Archeologia e poesia 1861-1911 (Carducci, Pascoli e D’Annunzio)
4 Aprile 2012Il libro, scritto da uno storico dell’antichità che non di rado ha amato fare incursioni nella storia della letteratura italiana cogliendone interessanti prospettive di lettura, nasce da una serie di riflessioni sull’incidenza propagandistica dell’antico nella pubblicistica dei primi cinquant’anni dell’Italia unita.
La conquistata unità nazionale dopo l’epopea risorgimentale, Roma capitale, la ricerca di un posto e di un ruolo tra le grandi potenze, le avventure coloniali sono temi ampiamente decantati dalla propaganda politica, che non di rado si è avvalsa della voce dei poeti. E per i poeti è l’antichità, soprattutto quella romana imperiale, a costituire lo strumento delle celebrazioni.

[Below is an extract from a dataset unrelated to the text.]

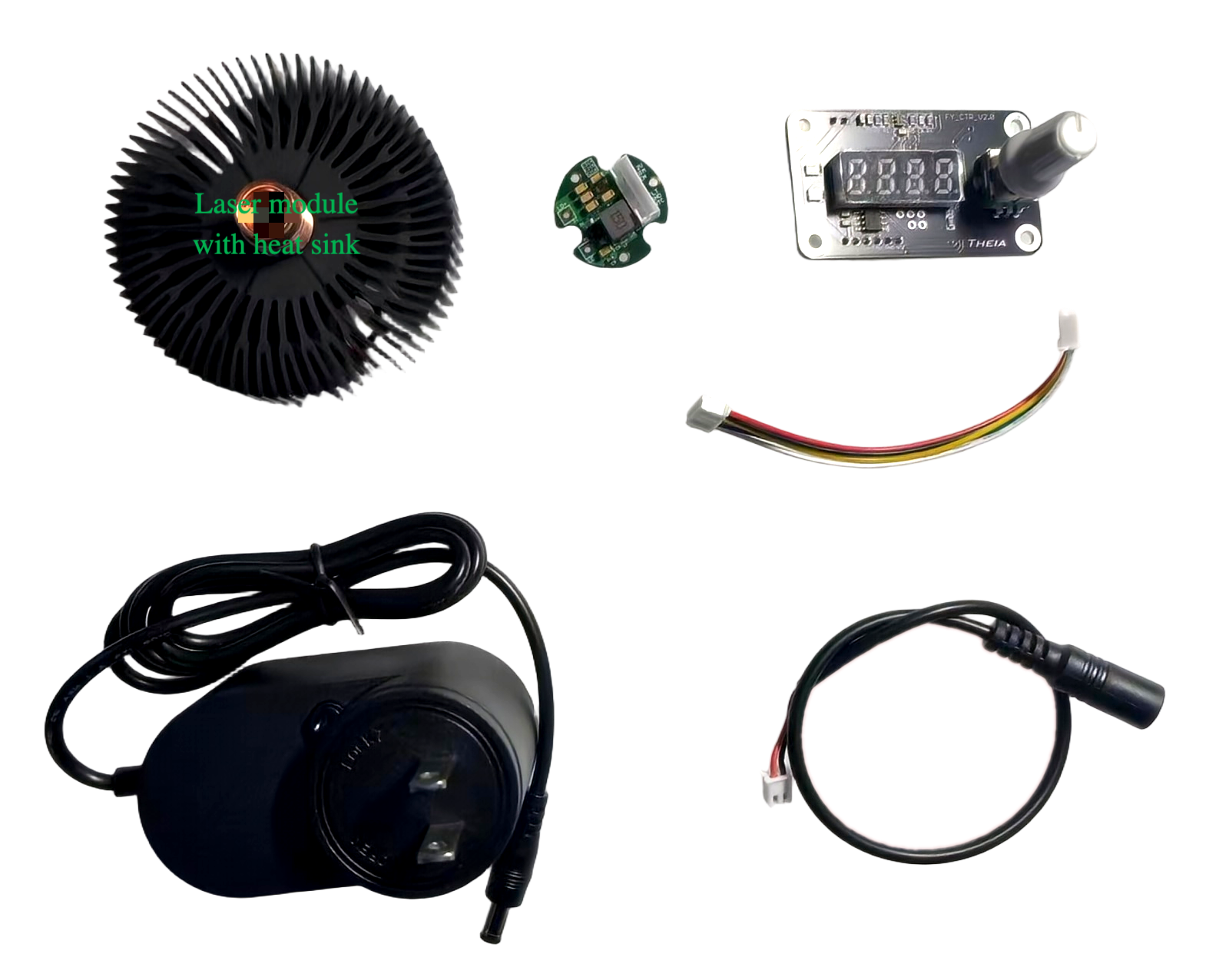 (1) Модуль LEP; (2) Радиатор; (3) Драйвер печатной платы; (4) Адаптер питания; (5) Разъем выключателя питания; (6) Одна часть крышки объектива с линзой, напечатанная на 3D-принтере.

L’indagine cui si dà spazio in questo volume da un lato privilegia il monumento archeologico, dall’altro scandaglia la voce dei vati nazionali con l’intento di evidenziare come il monito del monumento archeologico venga filtrato dalla pagina dei poeti. L’autore afferma che il libro intende offrire all’archeologo una silloge di curiosità antiquarie, e all’italianista un’antologia delle massime brutture germinate dalla più impegnata produzione poetica del primo cinquantennio dell’Italia unita. Curiosità antiquarie e brutture che un’archeologa e un italianista cercheranno via via di focalizzare, in un dialogo con l’Autore.